Winters, more familiarly referred to as the Headlander, is an intelligent, jetpack-mounted head that escapes from cryogenic sleep aboard the Starcophagus to seek out its original body. That’s not far off from a description of the game Headlander itself, which is a coldly cerebral title desperately seeking a heart. Its aloof narrative is sometimes justified by the plot, which revolves around an out-of-control AI caretaker, Methuselah, that protects its wards by installing thought-suppressing Omega Gems in the robots that carry the last remnants of human consciousness. Instead, however, the game keeps insisting on a pun-filled, Hitchhiker’s Guide-like irreverence that undermines the narrative, whether it’s the psychedelic special effects that wash over the screen after each death to the disco dance moves that each hijacked (sorry, head-jacked) chrome civilian can perform for purely comic effect. The game’s stylish retro flair never enhances the setting or the stakes–it just distracts from it, as if the game’s missing “soul” might be replaced with the gaudy, flashing neon soul of laser light shows, shag carpeting, and new-age-y statues.
When Headlander is more than a series of confrontations with the homicidal Electrosux cleaning bots or the chromatic-laser toting Shepherd security forces that are but one step away from being generic G.I. Joe fodder, it’s at least a decent Metroidvania. The ability to detach and fly one’s head about on command offers some unique exploratory options, and the controls are deftly balanced between the clunkiness of the durable robotic bodies and the Headlander’s nimble yet vulnerable space-helmeted cerebrum. (The far better half of the game, however, is the one in which players must cautiously navigate the protagonist’s skull through hazard-filled ventilation shafts; not the one in which players must outlast emergency lockdowns by killing every guard in the room.) The various upgrades that allow players to turn their dispossessed bodies into auto-firing sentry guns or overcharged time bombs are fun to play with, but then again, the game rarely requires any of these abilities, and the bodies that players swap between have an uninspired sameness.
Instead of building upon clever mechanics, the game repetitiously and literally gates progress by way of the exasperatedly smug Routine Operation of Doors (i.e., ROOD, get it?), a computer program that refuses to open doors that are of a higher chromatic hierarchy than the machine players are currently possessing. A green body can access green, yellow, orange, and red doors, but not a blue one: “It’s CYAN-tifically proven this door won’t open for you.” Puzzles, then, are just shades of the same task: find a helpfully hued host and safely guide it back to a locked door. In a few rare instances, these bodies have unique functions–a wheeled sentry that can travel over electrified floors–but for the most part, each body is just a palette-swapped version of another. Each might be capable of shooting an extra laser or two, but despite all the flashy colors reflecting about a room, the game itself sometimes feels a bit monochromatic, like a missed opportunity to find a new Kid Chameleon or Kirby.

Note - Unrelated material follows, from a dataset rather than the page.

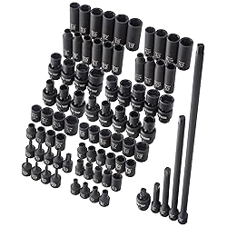 - Sunex 3580, 3/8 Inch Drive Master Impact Socket Set, 80 Pieces, SAE/Metric, 5/16 Inch - 3/4 Inch, 8mm to 19mm, Standard/Deep/Universal, Cr-Mo Steel, Radius Corner Design, Chamfered Opening, Dual Size Markings, Heavy Duty Storage Case, Meets ANSI Standards, Includes Star and Inverted Star Sockets, 4 Extensions, Universal Joint.SET INCLUDES: SAE: (8) Standard Sockets: 5/16”, 3/8”, 7/16”, 1/2”, 9/16”, 5/8”, 11/16”, 3/4” (6) Deep Sockets: 5/16”, 3/8”, 7/16”, 1/2”, 9/16”, 5/8” (9) Universal Sockets: 11/16”, 3/4”, 3/8”, 7/16”, 1/2”, 9/16”, 5/8”, 11/16”, 3/4” METRIC: (12) Standard Sockets: 8mm, 9mm, 10mm, 11mm, 12mm, 13mm, 14mm, 15mm, 16mm, 17mm, 18mm, 19mm (12) Deep Sockets: 8mm, 9mm, 10mm, 11mm, 12mm, 13mm, 14mm, 15mm, 16mm, 17mm, 18mm, 19mm (10) Universal Sockets: 10mm, 11mm, 12mm, 13mm, 14mm, 15mm, 16mm, 17mm, 18mm, 19mm OTHERS: (9) Inverted Star Sockets: E5, E6, E7, E8, E10, E11, E12, E14, E16 (9) Star Sockets: T20, T25, T27, T30, T40, T45, T47, T50, T55 (1) Universal Joint

All that head-swapping seems to have gotten to the developers, too, because Headlander has an unhealthy personality disorder. The latter half of the game suffers from a sharp difficulty spike in which rooms are overcrowded with enemies (to the point of occasional skips in the frame-rate) as opposed to featuring new mechanics. Laser-splitting puzzles are increasingly complicated, not just because trigger points are occasionally hidden out of frame, but because enemies keep spawning in the middle of a player’s attempt to line up a perfectly refracted shot. Why does a gravity-warping corridor, in which controls are reversed, appear in just one room? Why are tricky mechanics, like a battle in which players must swap between white and black bodies/polarities (as in Outland), confined exclusively to one of two boss fights? Headlander has a great premise, an appealing style, and great controls–but it simply doesn’t have its head on straight.